Japan is preparing to set up its own National Security Council, a move that could pave the way for the pacifist nation to expand its role in regional security.
The council will be modeled after the United States’ NSC and will come under the prime minister’s office to expand its functions in drawing up security policy and gathering intelligence.
Prime Minister Shinzo Abe introduced the plan to beef up Japan’s defense and security amid China’s rising military assertiveness and North Korea’s unprecedented nuclear ambitions.
It is also seen as a significant step away from the nation’s postwar constitution that binds Japan to a self-defense role.
“As the security environment surrounding our nation becomes increasingly challenging, the establishment of a National Security Council is absolutely imperative to strengthen the command functions of the prime minister’s office on foreign and security policies,” Prime Minister Shinzo Abe told parliament in October.
He is hoping the bill to establish the Japanese NSC would pass the nations’ parliament.
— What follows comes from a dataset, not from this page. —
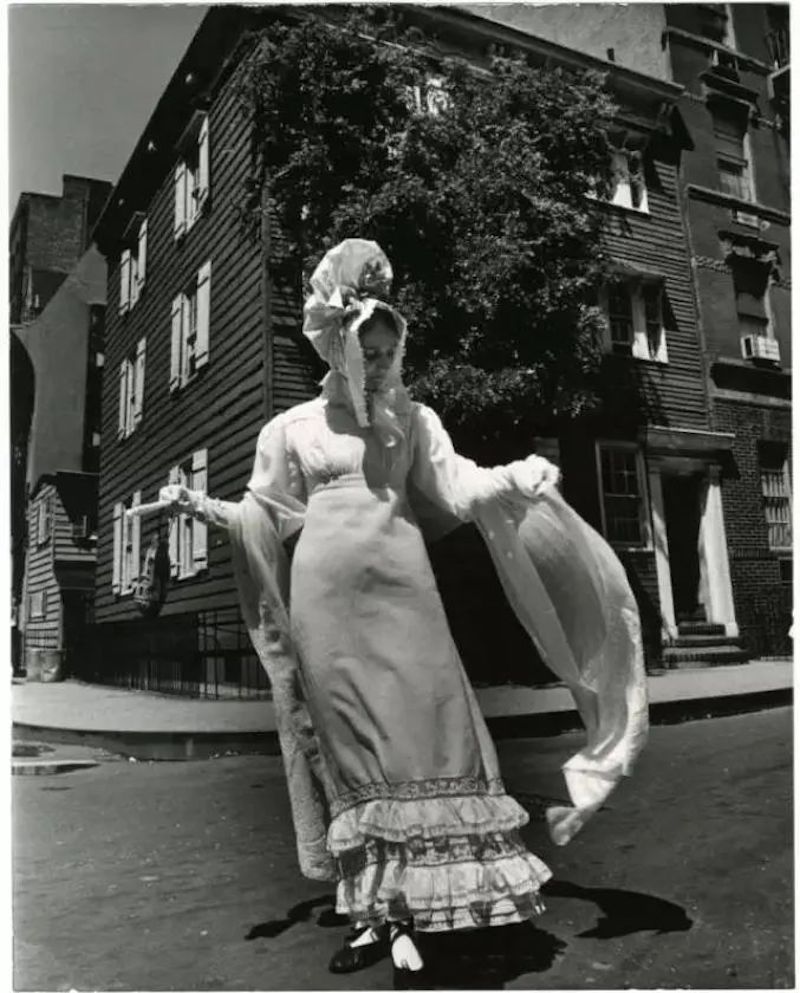米勒說,坎寧安本人或許也認(rèn)為紐約歷史博物館是合適的展示平臺(tái)。幾年前,他曾將部分紀(jì)念品捐贈(zèng)給博物館。2014年舉辦的“立面”(Facades)展覽,展出了他的攝影散文,展現(xiàn)了模特身著時(shí)代服飾在歷史場(chǎng)景中擺造型的畫面。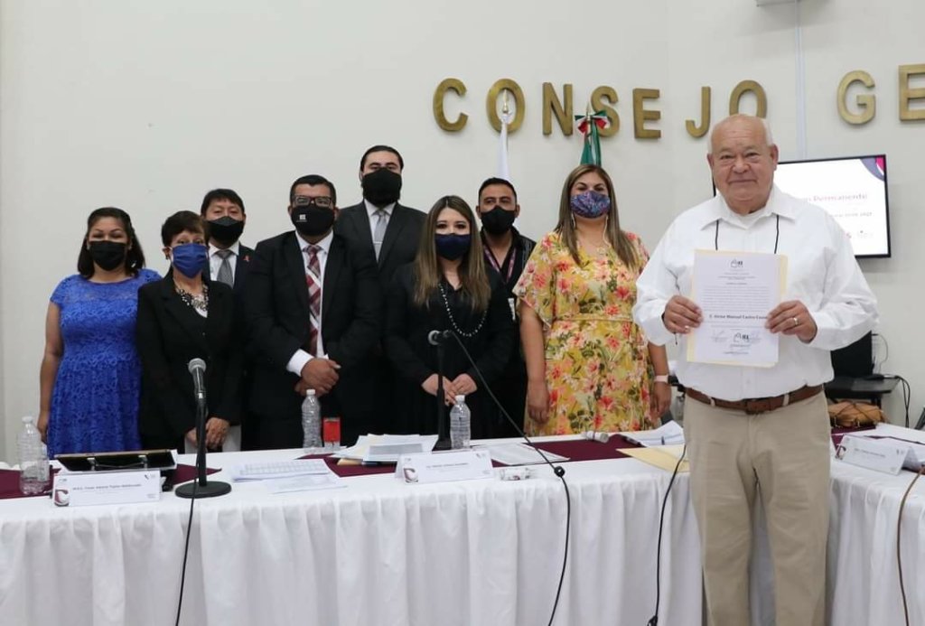 Durante la sesión del organismo electoral, la consejera presidenta, Rebeca Barrera Amador, hizo entrega de dicho documento a Castro Cosío, quien encabezó la coalición MORENA-PT “Juntos Haremos Historia”, para el periodo 2021-2027.

The NSC bill has already been passed by the lower chamber and is expected to gain upper house approval later this month.
Abe has long been pushing to reinterpret the nation’s pacifist constitution and lift the self-imposed ban on exercising the right to “collective self-defense,” or the right to aid allies during attacks.
Once the NSC is established, the prime minister will meet regularly with the chief cabinet secretary as well as foreign and defense ministers to discuss security issues. Through the NSC, the prime minister could decide point-blank on various issues involving national defense, such as foreign military attacks and other serious emergencies.
The planned NSC will also be responsible for sharing intelligence with counterparts in other nations, including its key ally Washington.
But it has also drawn criticism over fears that the state-secrecy bill, which goes hand-in-hand with the draft legislation, could infringe on journalistic freedom and the public’s right to information.
The bill toughens penalties against those who leak sensitive information related to defense, foreign policy, terrorism and other harmful activities.
This comes after NSA whistleblower Edward Snowden leaked classified US intelligence information.